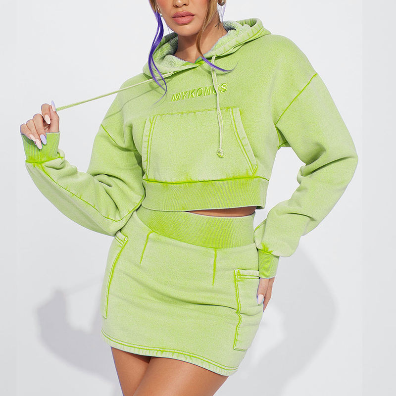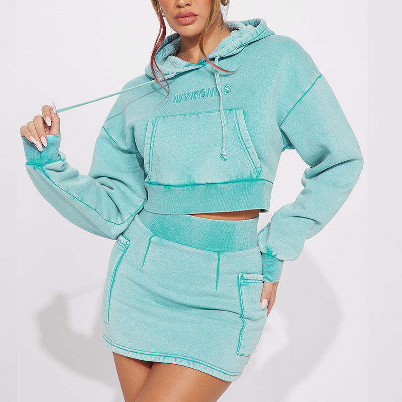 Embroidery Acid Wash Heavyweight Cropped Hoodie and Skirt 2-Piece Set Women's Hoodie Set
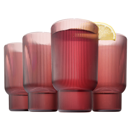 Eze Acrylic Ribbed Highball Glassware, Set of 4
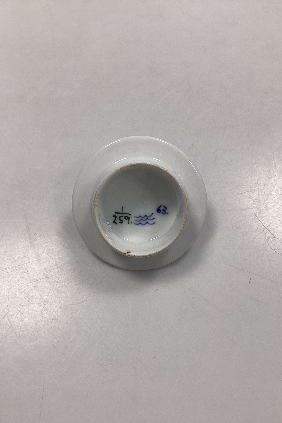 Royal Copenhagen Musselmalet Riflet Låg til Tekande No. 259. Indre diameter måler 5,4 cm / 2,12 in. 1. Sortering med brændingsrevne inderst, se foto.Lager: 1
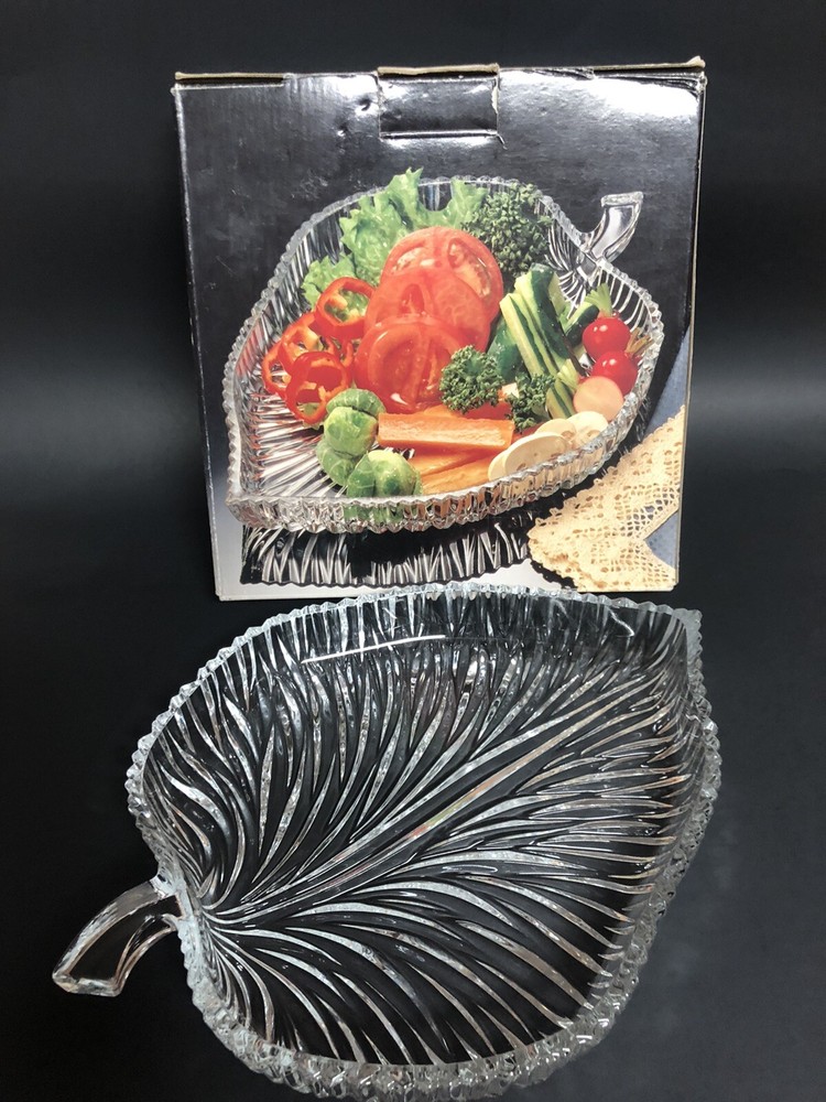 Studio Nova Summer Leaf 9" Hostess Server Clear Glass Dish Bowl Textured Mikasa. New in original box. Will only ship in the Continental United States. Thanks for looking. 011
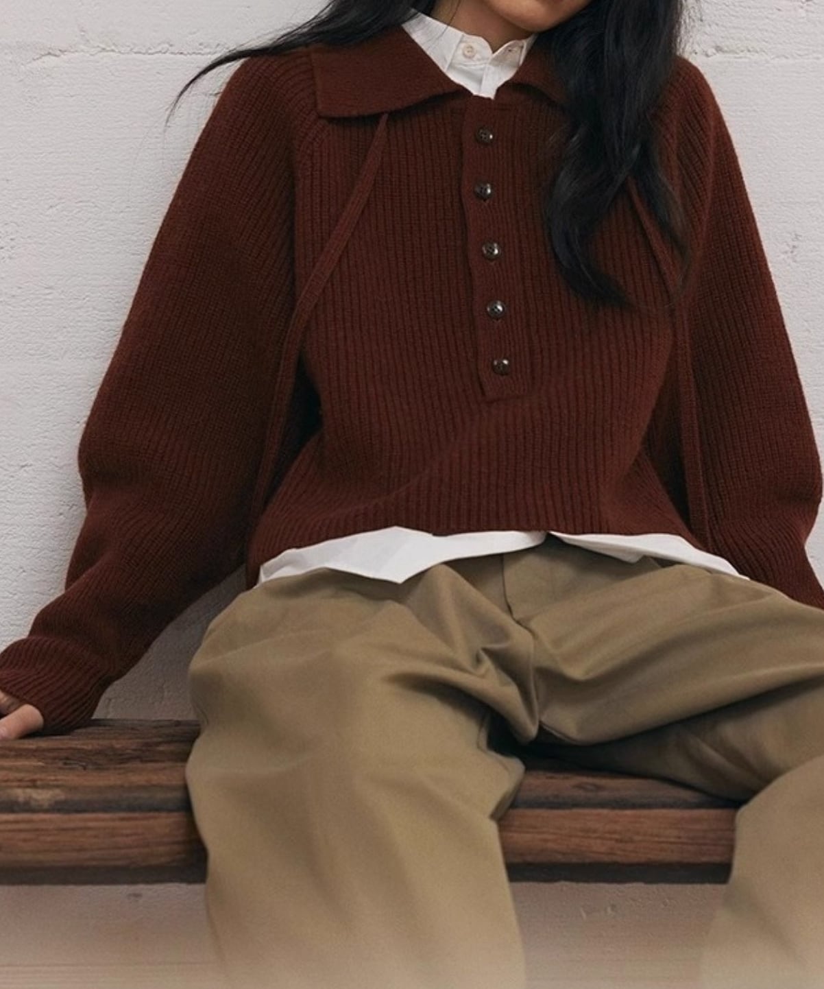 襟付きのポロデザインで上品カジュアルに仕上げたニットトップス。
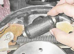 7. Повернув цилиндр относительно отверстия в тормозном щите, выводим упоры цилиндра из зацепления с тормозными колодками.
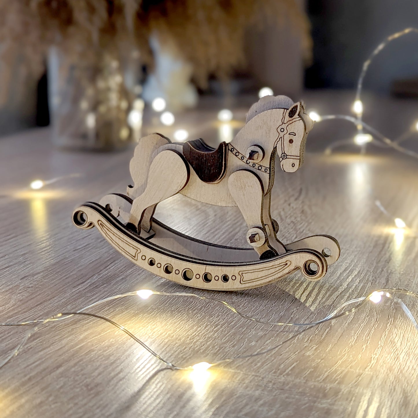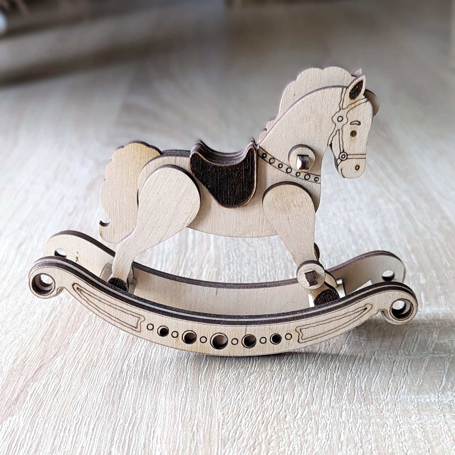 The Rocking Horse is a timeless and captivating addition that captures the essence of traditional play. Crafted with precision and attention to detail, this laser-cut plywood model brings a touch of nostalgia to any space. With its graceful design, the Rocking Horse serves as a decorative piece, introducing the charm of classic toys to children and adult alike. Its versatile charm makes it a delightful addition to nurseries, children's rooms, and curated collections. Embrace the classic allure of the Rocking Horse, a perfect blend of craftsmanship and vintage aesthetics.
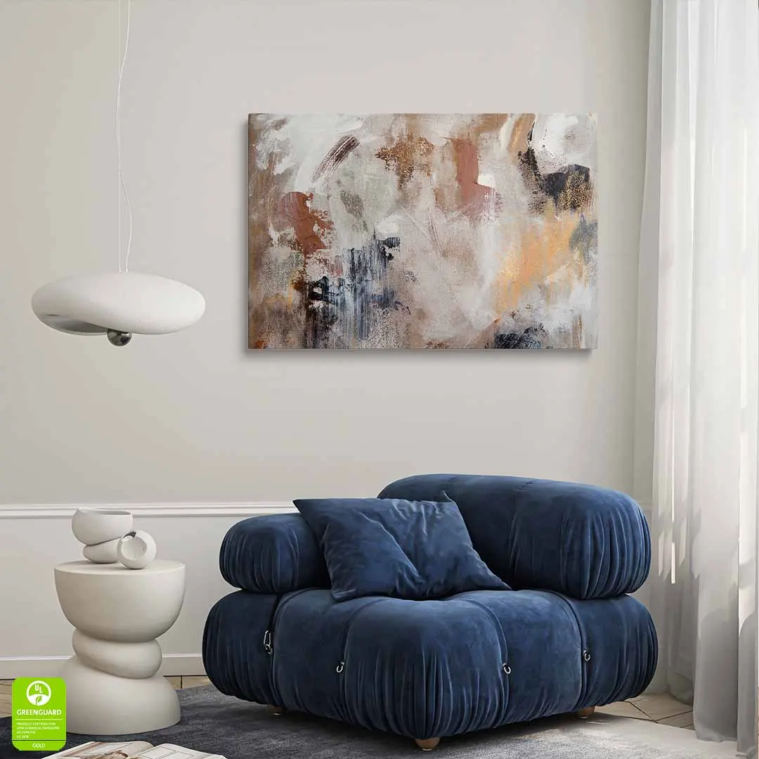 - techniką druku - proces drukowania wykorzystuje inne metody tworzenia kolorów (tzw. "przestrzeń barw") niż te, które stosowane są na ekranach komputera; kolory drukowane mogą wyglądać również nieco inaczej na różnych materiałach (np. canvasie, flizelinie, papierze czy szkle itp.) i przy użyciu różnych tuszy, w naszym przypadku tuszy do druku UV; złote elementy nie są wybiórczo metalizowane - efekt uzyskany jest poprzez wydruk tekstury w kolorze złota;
^^^^^^^^^^^^^^^^
## Problem details:
Leave out the pictures and repeat exactly the lines from the start of the material through the line that contains "襟付きのポロデザインで上品カジュアルに仕上げたニットトップス。", both included.

## Output of the exercise:
 Embroidery Acid Wash Heavyweight Cropped Hoodie and Skirt 2-Piece Set Women's Hoodie Set
 Eze Acrylic Ribbed Highball Glassware, Set of 4
 Royal Copenhagen Musselmalet Riflet Låg til Tekande No. 259. Indre diameter måler 5,4 cm / 2,12 in. 1. Sortering med brændingsrevne inderst, se foto.Lager: 1
 Studio Nova Summer Leaf 9" Hostess Server Clear Glass Dish Bowl Textured Mikasa. New in original box. Will only ship in the Continental United States. Thanks for looking. 011
 襟付きのポロデザインで上品カジュアルに仕上げたニットトップス。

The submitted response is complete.